Maps in games are handy nearly every time it’s in a game: it points towards your destination, the distance to get there, color coded sections, and sometimes indicates where you’ve been and where you have not. Thief does half of those things. Arrows pointing where to go is pretty standard, but when you have a multi-sectioned, multi-tiered city to explore and your map is as vague as an amnesiac’s recollection then you’ve got a bit of a problem. A bold X to mark places completely ransacked, different colors for doors, windows, and transition points; these would’ve gone along way of insuring a smoother experience, less backtracking, and fewer instances of finding yourself in an already cleared out home.

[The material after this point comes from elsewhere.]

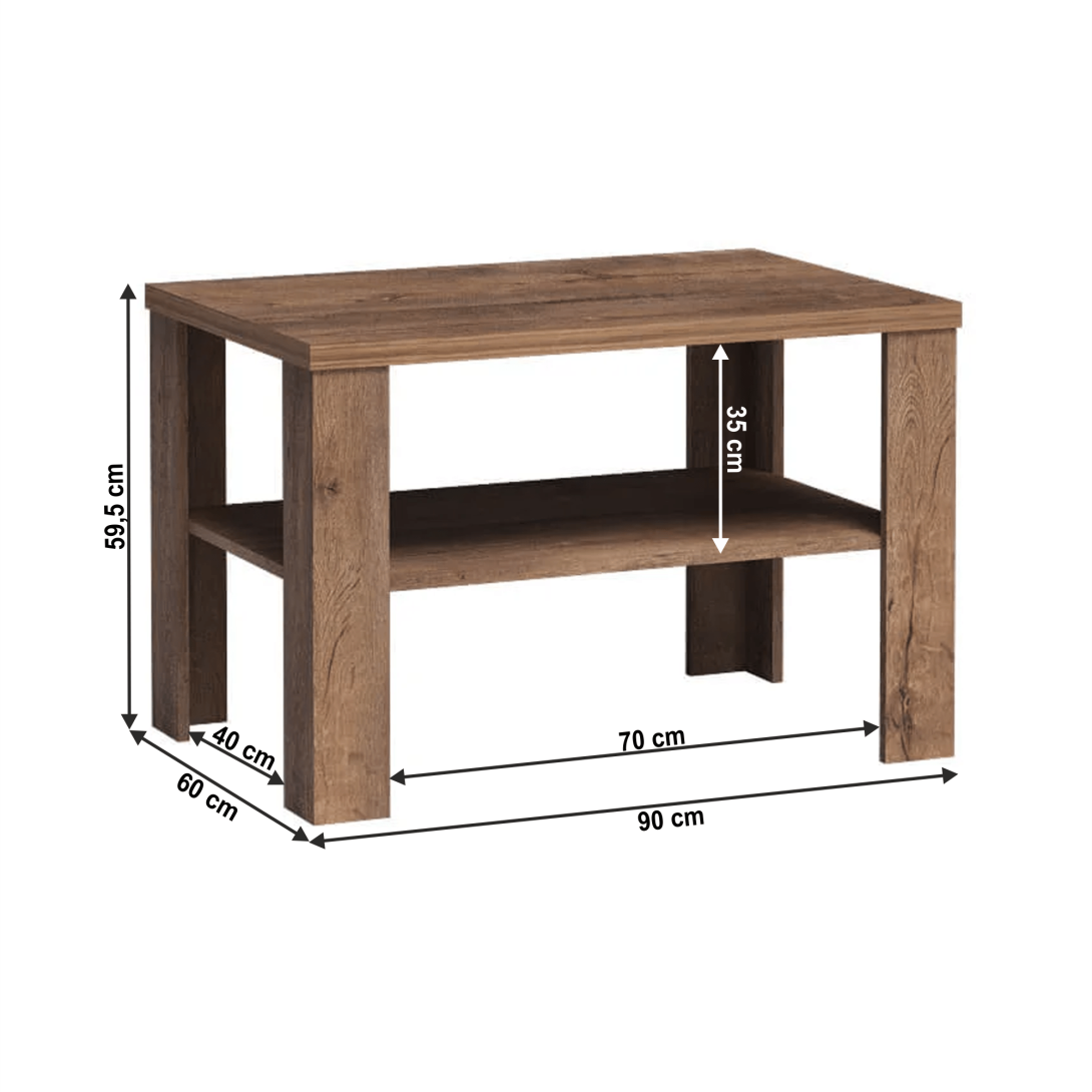 Konferenčný stolík TEDY TYP T23Materiál: DTD laminovaná/ABS hrany/MDFFarba: dub lefkasRozmery (ŠxHxV): 90x60x59 cmHrúbka materiálu: 32 mmHrúbka materiálu zvyšné časti: 16 mmDodávané v demonte.

Even if the The City is constantly shrouded by perpetual night, this is one of the better looking games for next-gen hardware. If you upgraded to an Xbox One, PlayStation 4 or PC, these will fully capture the beautiful aesthetics of this Victorian, steampunk inspired world. There are some texture pop-ups that occur on consoles right after a lengthy load screen or in the beginning of a cutscene and the framerate does tend to dip at times. PC on the other hand is definitely a beauty, running smoothly with a solid framerate and sharper textures.
Garrett’s movement and agility translates superbly on screen with the games tight controls and fluid animation, making players feel like a master thief. Granted that most of your time will be crouching to avoid making any noise, Garrett does have his Swoop ability. Whenever Garrett needs to move quickly in and out of cover, or to make a hasty retreat after pickpocketing someone, he can quickly dash or “Swoop” in any direction without producing a sound, making this one of Garrett’s most used skill.
Unfortunately I wasn’t as engaged with the story as I really wanted to be. Most of my time was focused on picking locks, snatching coin purses, and locating unique loot. Even on missions I was more concerned with stuffing my bag than solving some problem with a dying city or something of that regards. That doesn’t mean that the game isn’t filled with rewarding and intense (sometimes scary) moments. Edios Montreal did a great job reimagining the world of Thief while stepping over the line on what made the original game’s gameplay tiresome a little too often. I had succumbed to trial-and-error a few times and felt compelled to retry again because I wanted remain hidden throughout. But if you can look past the slower pacing then Thief will definitely satiate your twitchy stealing fingers.